Mindszenty grad Madar publishes her second novel

Bemus Point resident Deborah Madar published her second novel, “Dark Riddle,” last month. Submitted Photo

A graduate of Cardinal Mindszenty High School and SUNY Fredonia, Deborah Madar has always considered western New York home and even featured its unique places in her first novel, “Convergence.” Since she retired from teaching, she now calls Florida “home” for part of the year. Her brand new novel “Dark Riddle” was released last month and blends her experiences in both parts of the country to tell the story of a grieving mother’s discovery of the cold, dark world that her son faced alone.

Many know Madar from her many years of teaching in Chautauqua County, including Brocton and Silver Creek central schools, SUNY Fredonia and Jamestown Community College. She spent the last 15 years of her career at Mayville Central School and was part of the merger with Chautauqua Central School in 1996.

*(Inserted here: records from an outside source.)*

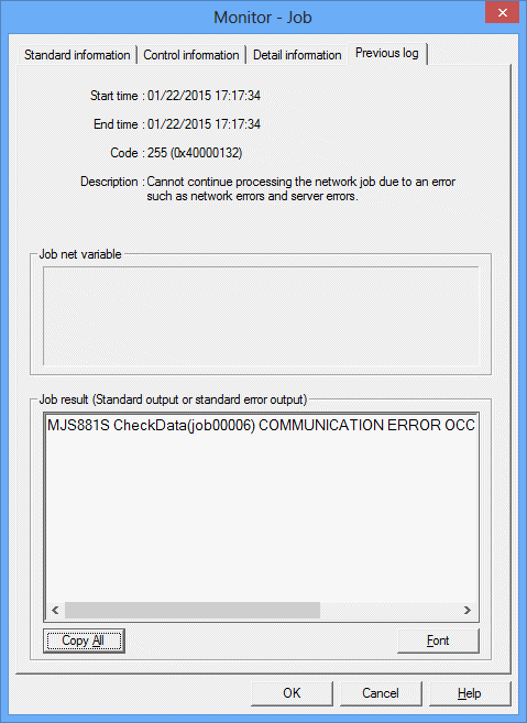 When the job is completed, the meaning of the Code will be explained here. However, this will not be displayed for child or linked job nets.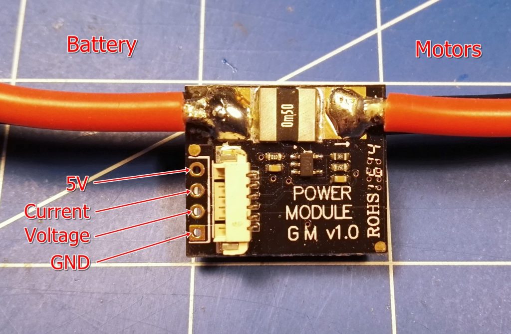 - Current - voltage on this pin depends on current flow. It is 0V when 0A goes through the module, and 5V when 90A goes through it. This is a pin we have to connect to flight controller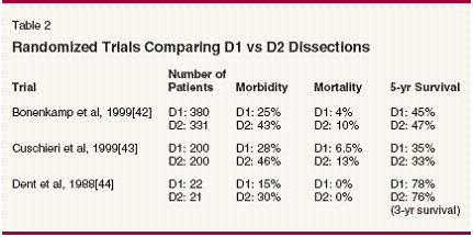 National Comprehensive Cancer Network (NCCN) guidelines recommend a multidisciplinary approach to staging that includes a complete history and physical examination, laboratory studies (complete blood count, platelet count, and serum biochemistry), esophagogastroduodenoscopy, chest radiography, and computed tomography (CT) of the abdomen and pelvis. Laparoscopy has also been added to these guidelines as a category 2B recommendation (nonuniform consensus among panel members).[16] Table 1 depicts the various staging modalities available for gastric cancer, along with accuracy, advantages, and disadvantages. The use of positronemission tomography (PET) for staging, detecting recurrence, and evaluating response to therapy in gastric cancer is evolving. A recent study in esophageal cancer suggests that quantitative measurements of tumor 18F-fluorodeoxyglucose (FDG) uptake may predict histopathologic tumor response and patient outcome as early as 2 weeks after initiation of preoperative chemotherapy.[ 17] This may be a useful investigational tool in gastric cancer as part of a neoadjuvant strategy. The recent availability of integrated CT/PET imaging is likely to refine staging of these tumors in the future. Japanese investigators use a computer- based program (the Maruyama program) to predict lymph node stations at risk for metastasis in particular cases. The cases are sorted on the basis of similarity with seven specified variables: age (± 5 years), sex, Borrmann type of the tumor, greatest dimension of the tumor as measured on the luminal surface (± 2.5 cm), location of the tumor, estimated tumor depth, and histology. Comparison is made with a database of 3,843 gastric cancer patients at the National Cancer Center Hospital in Tokyo who had been treated by D2 or more extensive lymphadenectomy. The program then predicts the percentage likelihood of disease at each of the 16 lymph node stations around the stomach on the basis of actual patient experience.[18] This information could be used prospectively to enroll higher-stage patients into neoadjuvant programs. The Role of Surgery Surgical resection remains the only curative therapy for this disease. The debate continues regarding the optimal extent of lymph node dissection required for maximal therapeutic benefit. Extended lymphadenectomy remains the standard of care in the Far East at the cost of acceptable postoperative morbidity.[19] Similar results could not be reproduced in Western trials and no survival advantage was attributed to D2 dissections in the Dutch Gastric Cancer Group trial.[14] Similar results were noted in the Medical Research Council (MRC) trial from the United Kingdom.[13] The results of randomized control trials comparing D1 with D2 dissections are depicted in Table 2. These randomized trials did not reveal any survival advantage for D2 dissection. Morbidity and mortality associated with D2 dissection was significantly higher in these randomized trials. Five-year survival after D1/D2 dissection remains dismal at 30% to 45%. Thus, no phase III study in the Western population has proved the therapeutic advantage of D2 dissection. Cochrane database review done by McCulloch et al revealed survival benefit of D2 dissections in T3 or more advanced lesions.[20] Subgroup analysis of the MRC trial suggests a survival advantage for stage II and III patients or those with N1 disease.[13] The Dutch Gastric Group trial indicated a survival benefit for N2 patients.[ 14] Siewert et al, in a large prospective multicenter observational trial, found that the pathologic subgroup of pT2, N1 and pT3, N0 had a significant survival benefit with extended lymph node dissection.[21] The extent of gastrectomy may also impact on postoperative morbidity and quality of life. Due to high incidence of locoregional failure, multifocal disease, and submucosal pattern of spread, total gastrectomy with at least a 5-cm gastric margin is recommended for proximal gastric tumors.[9] Subtotal gastrectomy is often the procedure of choice for distal (antral) tumors.[22] Although total gastrectomy is superior in terms of margin-free resection, this procedure is associated with postoperative morbidity of dumping syndrome, malabsorption, anemia, osteoporosis, and malnutrition. Quality- of-life impairment results from these difficulties.

“‘Dark Riddle’ is a work of fiction, but I always take from reality,” Madar told the OBSERVER. “This book is about a fictitious lake-side community in central New York. I did clearly have in my frame of reference the merger experience of Chautauqua and Mayville schools, as I was a faculty member at Mayville at the time. I think that’s a really interesting phenomenon that not a lot of people know about unless you’ve lived through it and taught through it.”

In Madar’s experience, the merger that resulted in Chautauqua Lake Central School District was a very positive experience, but she noted that this is not always the case. “In the book, if anything could go wrong with two communities coming together, it did,” she said. “This is the backdrop for the story.”

“Dark Riddle” is the story of a struggling single mother of five Gina Clayton, who seeks to understand the unexpected actions of her son, Luke, known for his serious nature and dependability. One day, the sixteen-year-old, a “good kid” by all accounts, commits a heinous crime and then takes his own life, leaving no explanation. All Gina finds is a short story in her dead son’s pocket. “She becomes obsessed with what influences played into her son’s decision,” Madar explained. “The author of the short story and Gina, who are strangers initially, end up investigating together what took place.”

Madar began writing the novel in 2014, two years after the Sandy Hook shooting. Although Madar had already retired from teaching then, she recalled the Columbine High School massacre in 1999 and how that event shaped teacher training and school protocol at her school district and around the country.

However, she had no idea another school shooting — the deadliest one since Sandy Hook — would hit so close to home.

“We were there in Parkland, Florida when the Stoneman Douglas High School shooting occurred,” Madar explained. “My Cardinal Mindszenty classmate’s granddaughters are Parkland students, and one of them lost her best friend, Meadow Pollack, that day.”

Although “Dark Riddle” is not about the shooter but about his mother, Madar said that experience and her many years of teaching prior to that day informed her decision to write the novel. “I really became interested in this from the book ‘Far from the Tree’ and from reading an interview in The New Yorker of the father of Adam Lanza, the Sandy Hook shooter.” “Far from the Tree” by Andrew Solomon shares the stories of over 300 families of exceptional children, including prodigies, those with severe disabilities and those who become criminals.

“My novel is really about the mother and her journey as she explores and tries to understand what part of this was her influence to make this happen,” Madar explained. “It’s not so much a book about a school shooting, but that’s the catalyst for her growth, her journey.”

Like her first novel, “Dark Riddle” is a psychological mystery. Madar explained, “I did not set out to put all these pieces together into a beautifully solved puzzles, because I don’t think that ever happens in these cases. It does explore reasons why kids do this, and the ending is hopeful. I wrote an epilogue, just so that could happen.”

“Dark Riddle” is available to order from Off the Beaten Path bookstore in Lakewood. The novel is also available in print and digital formats on Amazon. Due to the COVID-19 pandemic, Madar is unsure when she will be able to schedule talks and events, but is hopeful that her May 16 book-signing at Off the Beaten Path will take place. As she did with her first novel, Madar is hoping to plan talks with area book clubs and is even open to virtual meetings now. “I don’t know if it’s the teacher in me or what, but I love talking to readers who understood or even saw more than I did about a character or an event in my book!” said Madar.